Today’s lesson: no judging, please
on April 26, 2013
My legs wouldn’t stop shaking. They do that when I’m anxious — involuntarily I might add. My legs seem to have a mind of their own.
I just wanted to see him, to know he was all right, to hear his voice. Brain surgery. Never did I think these two words would affect me and my lovely boyfriend of seven years. Would it be successful? After a year and a half of pain, would this fix my suffering partner?
As I waited in the hospital lobby outside the ICU, I thought about what the two of us have been through these last 18 months. The endless doctor visits, some with professionals who didn’t seem to understand or care about how much pain he was in. The healthcare bills pilling up. The sadness and depression. Compounded with other personal issues, it felt like we were one crisis away from spiraling out of control.
And as my legs continued to bounce up and down faster than my heart beat, a moment from last summer popped into my head.
It was a beautiful summer day, although I don’t remember much about the weather. I was working long hours at a full-time job and volunteering the rest of my time planning a local convention in Seattle. My partner was spending time at home trying to study for school, while also dealing with pain in his face that varied between feeling like someone was inside his head digging at his sinuses with an ice pick and feeling like someone was inside his head shocking him with a taser gun.
What did this all add up to? House chores that were half finished and a neglected back yard. But these things seemed so trivial in the moment.
Our dogs’ crazy barking alerted us to someone knocking on the door. It was our neighbors’ parents who were visiting for the week. I’m sure they meant well, but they wanted to know what we could do about our morning glory weeds growing under the fence and into their backyard. It felt a little passive aggressive, and it was just not something we had the capacity to deal with at the moment.
Their comments hit me hard. I felt like I was being unfairly judged without these people knowing the circumstances. They didn’t know what we were going through.

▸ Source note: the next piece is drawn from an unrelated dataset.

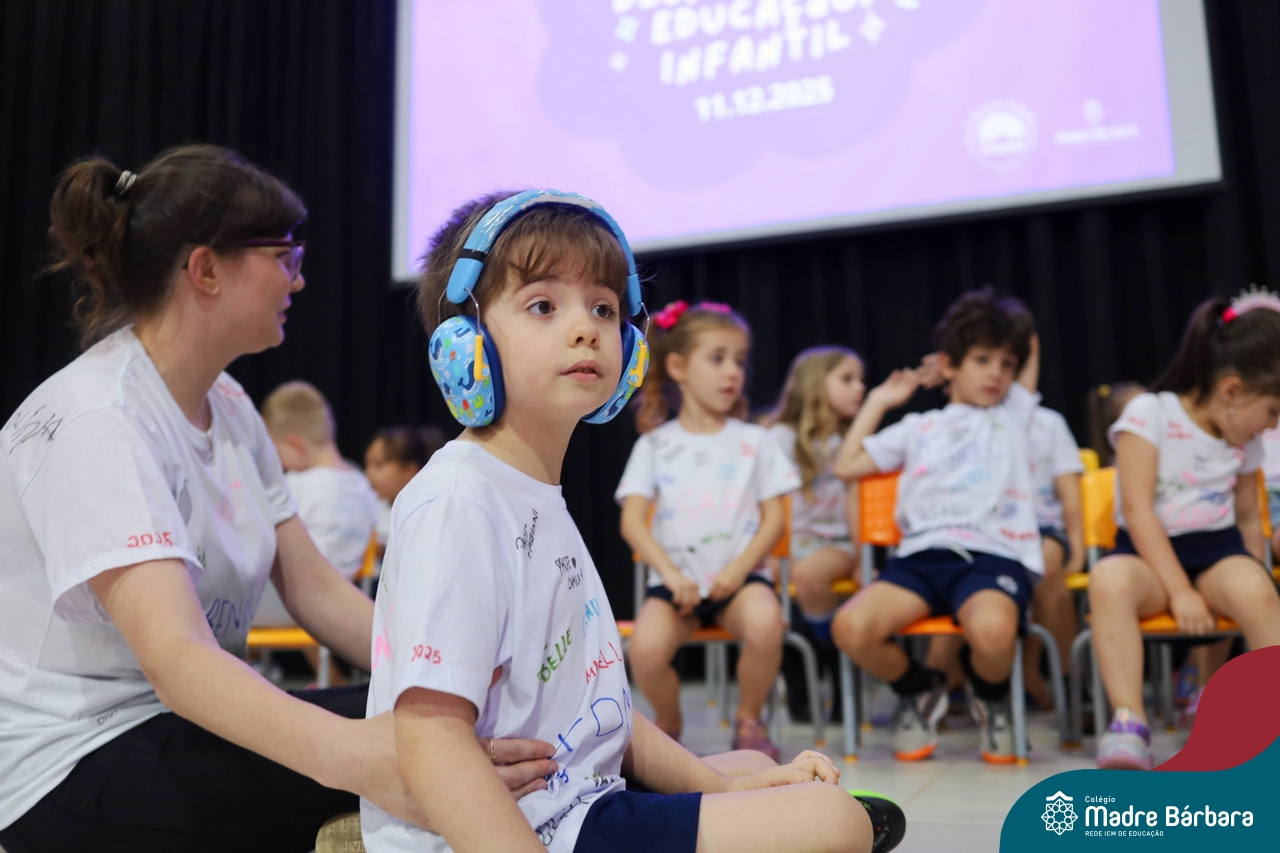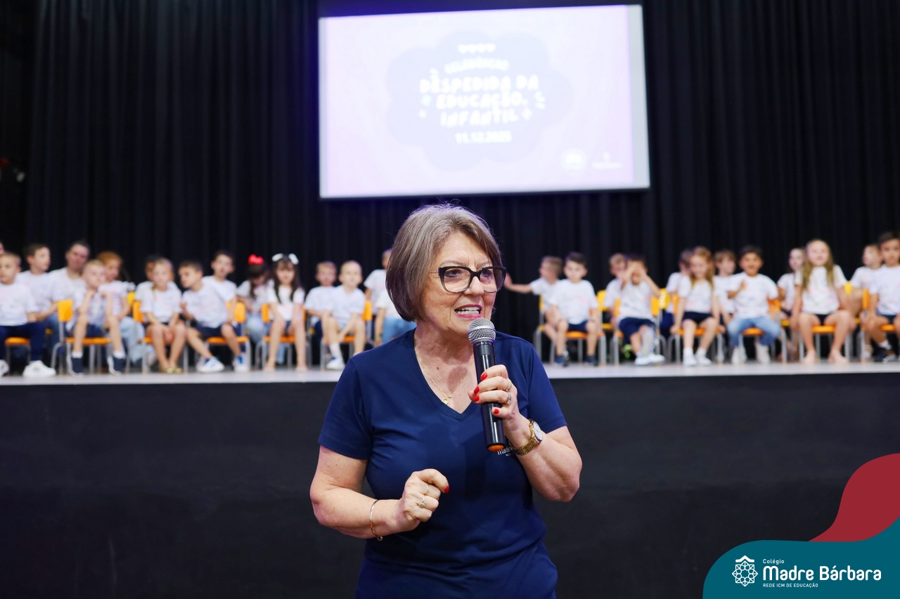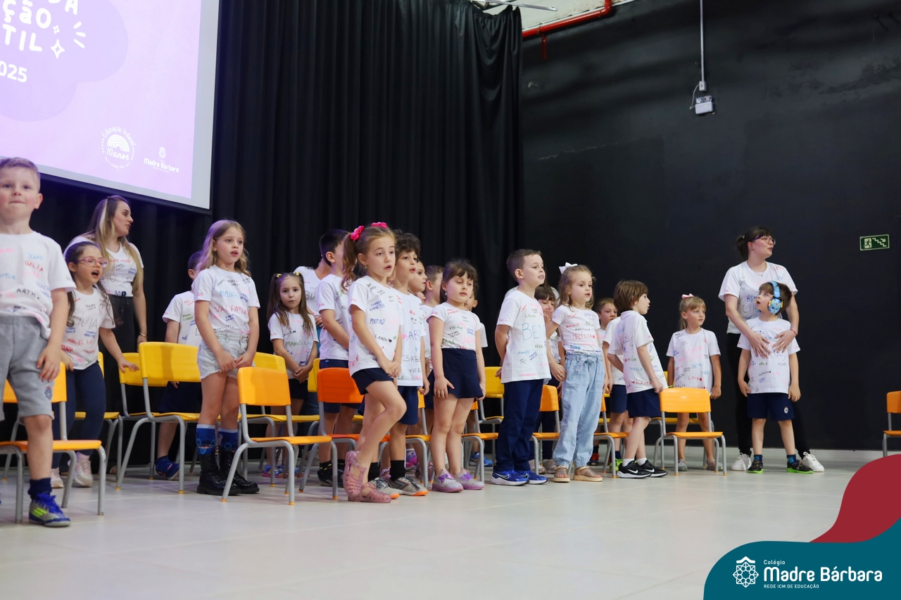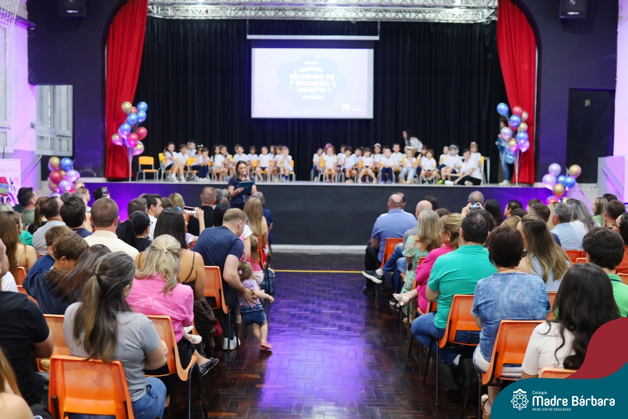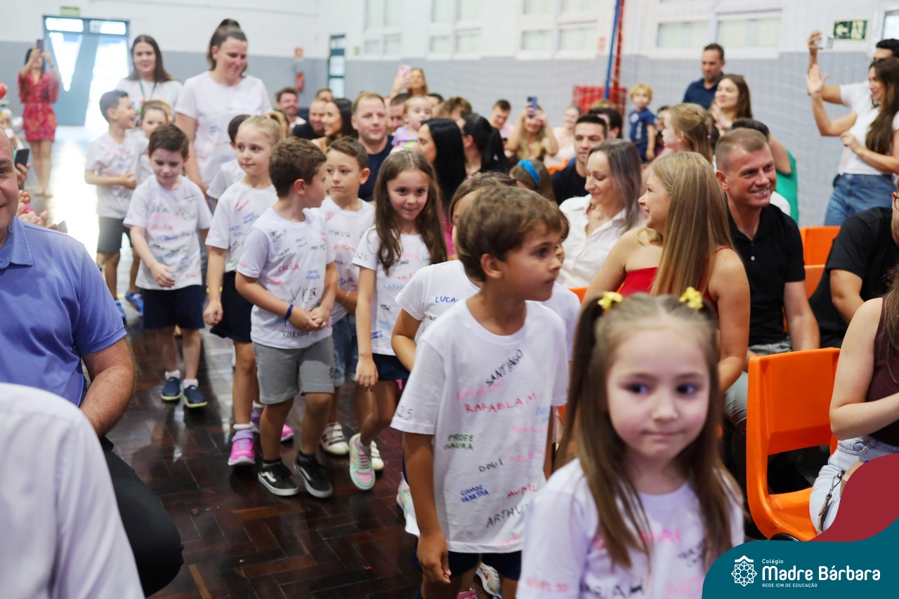 O Colégio Madre Bárbara viveu, na noite de quinta-feira (11/12), um momento de grande emoção e significado: o encerramento dos Níveis 5 da Educação Infantil. O evento, realizado no Salão de Eventos, reuniu famílias, professores e a equipe de coordenação para celebrar a trajetória das crianças e marcar a transição para uma nova etapa escolar. Durante a noite, as crianças encantaram a todos com lindas apresentações preparadas com carinho ao longo das últimas semanas. Foi um instante especial, em que cada gesto e sorriso revelava a alegria e o orgulho pelo caminho percorrido. Após as apresentações, os alunos receberam uma homenagem das professoras e da coordenação, que expressaram votos de felicidade e sucesso nessa nova jornada rumo aos 1ºs anos do Ensino Fundamental.

They didn’t know money was tight, our time was tight, and frankly, the last thing we cared about was the weeds in our backyard.
This probably seems like a minor thing to get upset about, but I always remember it when my mind starts to wander into that bad territory — the place that tells me it is okay to judge other people’s decisions and actions. The place that makes us think we are superior to others.
Just remember: those who we deem too large and lazy might have fibromyalgia, or some other debilitating disease that makes even walking painful and makes weight loss virtually impossible. (And, frankly, who are we to tell any acquaintance or stranger they are not living their lives in a way we approve.)
That woman who seems to crave attention from men through skin-tight clothes might just need the right man to tell her she’s smart and thoughtful and beautiful — and deserves better.
That man who prefers to speak in Spanish might be tired of getting made fun of for his broken English, which he has tried so hard to perfect.
That woman and her child might have been homeless for a period of time because she lost her job after donating a kidney to her aunt and needing more time to recover from this selfless act.
That young boy might act out every day in class because he just wants somebody to notice him.
We just do not know “the rest of the story.” It is possible we never will. So instead of casting judgement, all we can do is be their for our friends and family. All we can do is choose to move our thoughts from a random stranger we have never met, to something more positive or productive. All we can do is choose to offer help if it is needed, and advice if we are asked.
I am beyond thrilled to say that the brain surgery was a success, and a week and a half later my partner is pain free. We have so much to be thankful for, and I pledge to pay it forward by always choosing kindness, support, and love over judgemental behavoirs. I hope everyone else will pledge to do the same.